» **WHAT IS EXPECTED**: Any images in the material are to be dropped while every line is retyped exactly.

» **DATA BLOCK**:

Content starts

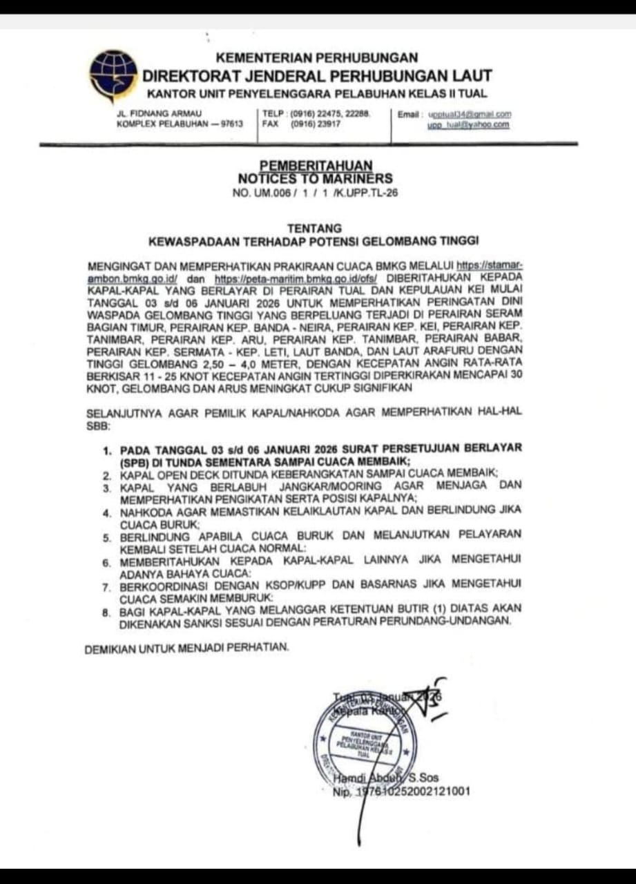 ASAMMANIS.NEWS — TUAL — Kantor Unit Penyelenggara Pelabuhan (UPP) Kelas II Tual menunda sementara aktivitas pelayaran di sejumlah perairan Maluku menyusul peringatan potensi gelombang tinggi yang diperkirakan terjadi pada 3 hingga 6 Januari 2026.
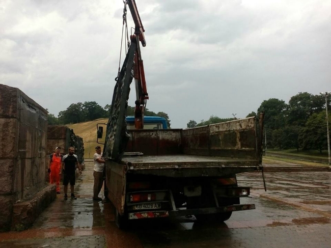 Ранее, наш сайт сообщал, что вечером, 24 июня, возле Болдиных гор, согласно решения исполкома Черниговского городского совета, начался демонтаж бронзовых барельефов, которые там стоят с 1986 года. На защиту исторических памятников пришло около пятидесяти жителей города.
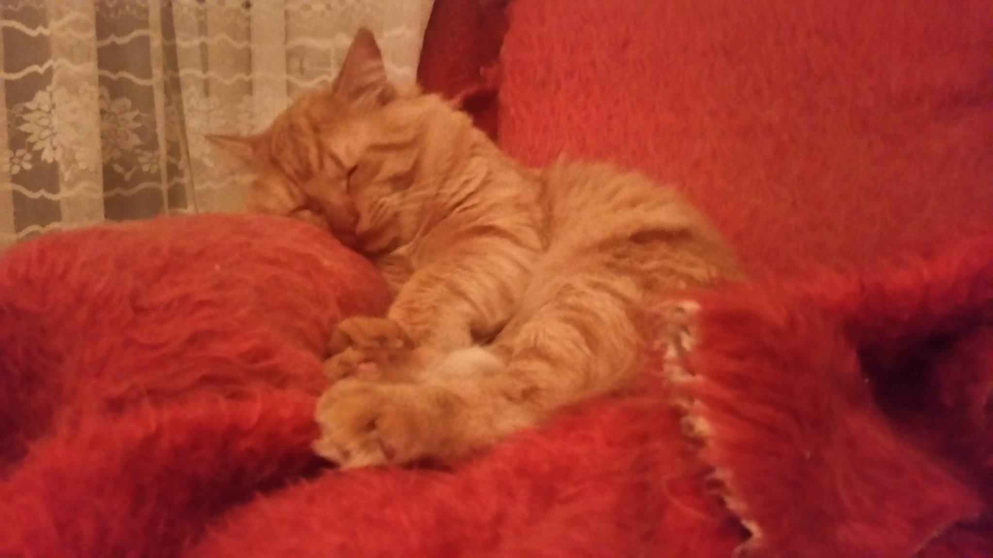 А за лягането вечер: ако не си легнем в 11, се започва един театър - дефилира пред телевизора, дефилира зад телевизора (всеки път изтръпвам, защото с неговите 5 кила мускули спокойно може да го събори, ако поиска), и ако не хване декиш, започва да ни се кара - със звучно мяукане.
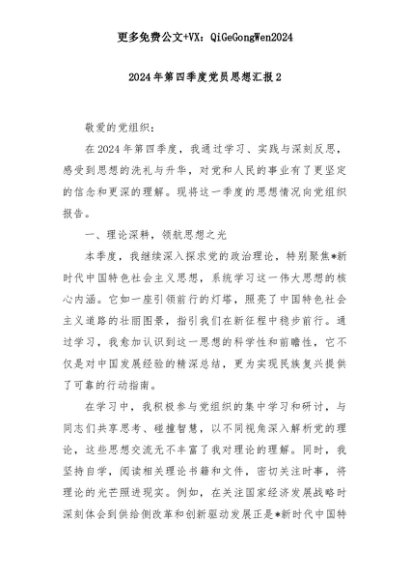 【七哥公文】2025年:2024年第四季度党员思想汇报2+更多免费公文+VX:QiGeGongWen2024+更多免费公文+VX:QiGeGongWen2024

Content ends

» **EXERCISE RESULT**:
 ASAMMANIS.NEWS — TUAL — Kantor Unit Penyelenggara Pelabuhan (UPP) Kelas II Tual menunda sementara aktivitas pelayaran di sejumlah perairan Maluku menyusul peringatan potensi gelombang tinggi yang diperkirakan terjadi pada 3 hingga 6 Januari 2026.
 Ранее, наш сайт сообщал, что вечером, 24 июня, возле Болдиных гор, согласно решения исполкома Черниговского городского совета, начался демонтаж бронзовых барельефов, которые там стоят с 1986 года. На защиту исторических памятников пришло около пятидесяти жителей города.
 А за лягането вечер: ако не си легнем в 11, се започва един театър - дефилира пред телевизора, дефилира зад телевизора (всеки път изтръпвам, защото с неговите 5 кила мускули спокойно може да го събори, ако поиска), и ако не хване декиш, започва да ни се кара - със звучно мяукане.
 【七哥公文】2025年:2024年第四季度党员思想汇报2+更多免费公文+VX:QiGeGongWen2024+更多免费公文+VX:QiGeGongWen2024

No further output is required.